Lack of gender diversity sees business missing out

Deloitte and PwC are backing calls for increased gender diversity at board level although women still account for less than one in five partners 

The past two years have seen very little progress globally on improving gender diversity in the boardroom, while UK boards have less than a quarter female representation, Deloitte research has found.

Women hold just 16.9% of board seats globally, according to the firm’s sixth report on the topic, a 1.9% increase from the previous edition. Meanwhile women hold 12.7% of CFO roles globally – nearly three times that of CEO positions.

UK boards now have less than a quarter of female representation (22.7%), compared to 20.3% when the report was last released in 2017.

Companies with a female chair or chief executive are making greater strides towards gender diversity in the boardroom and have almost twice as many women directors as corporations led by men. Globally there are 28.3% of women on boards with a female chair, compared to 17.1% with a male chair.

Sharon Thorne, Deloitte global board chair, said: ‘It’s clear that progress in boardroom diversity is painfully slow. If the global trend continues at its current rate of an approximately one per cent increase of women on boards per year, we will be waiting more than 30 years to achieve global gender parity at the board level.’

The data shows six countries that have over 30% of women on boards — Norway, France, Sweden, Finland, New Zealand, and Belgium. Three of these six have implemented gender quota legislation, while the other half have addressed diversity efforts without gender quotas.

Thorne said: ‘There is no quick fix to diversity in business, however corporate culture is by far one of the most important forces in encouraging change - not just at the top but throughout an organisation. Programmes and targets are critical but neither of these on their own will succeed in improving diversity without a culture of inclusion.’

Top accounting firms are not meeting gender targets either with the Big Four still having some way to go themselves on gender diversity.

In the Accountancy Daily Top 75 Firms Survey 2019, a breakdown of partner numbers by gender showed that the largest UK firm PwC had only 176 women partners, out of 908, representing 19% of the total.

Deloitte had the best split among Big Four accounting firms, having made significant progress to improve the gender balance, with one in four partners (26%) being women with 184 out of 702. EY had a 21% split with 139 women partners out of 678 while KPMG was at 19% with 120 women partners against a total of 635.

On salaries, PwC has made greater inroads: in April it reported a mean pay gap of 9.7%, down from 12.2%, and a mean bonus gap of 30.6% (was 37.8%).
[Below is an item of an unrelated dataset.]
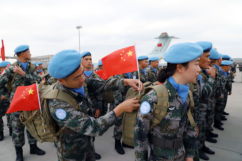 Un soldado de mantenimiento de la paz ajusta la bandera china adherida a la mochila militar de otro soldado cuando se preparan para abordar el avión, 22 de mayo de 2019. [Foto de Sun Shuai para chinadaily.com.cn]

Deloitte published data last month showing its mean pay gap was 18.7% (18.1% in 2018) and mean bonus gap was 51.1% (52.3% in 2018).

Dimple Agarwal, managing partner for people & purpose at Deloitte UK, said: ‘The trickle-down effect of women in the boardroom, such as breaking down stereotypes, encouraging girls and young women to raise their sights, believe in their potential and pursue careers traditionally dominated by men, and reducing the gender pay gap are all important steps along the way to greater economic opportunity for women and to more inclusive workforces and societies.’

There is support for this view from a report published by the 30% Club and PwC which says companies that fail to consider gender in areas such as strategy development, product and  service design, marketing, customer experience and supply chains are likely to ‘miss millions’ of insights, customers, and revenues.

Case studies in the report show how businesses have increased customers, revenues and evolved relationships with suppliers as a result of focusing on gender considerations. For example, Vodafone has identified 200m women in emerging markets without access to a mobile, 50m of whom it aims to connect by 2025. Through re-designing its products and services specifically for women, Vodafone has already connected 20m women.

Unilever found that recognising under-represented audiences and focusing on diverse, inclusive and unstereotypical character portrayals created 37% more brand impact and 28% higher purchase intent for its brands, as well as improving the relevance, credibility and enjoyability of its adverts for millions of consumers globally. 

Brenda Trenowden, global co-chair of the 30% Club and partner at PwC said: ‘It is time for the 30% Club to extend its influence beyond representation and pay, and work with businesses to help them address the commercial benefits of gender diversity.

‘Our report shares the commercial imperative for putting a gender lens on all business activities. Those who are slow to adopt this approach in the current climate...risk being left behind.’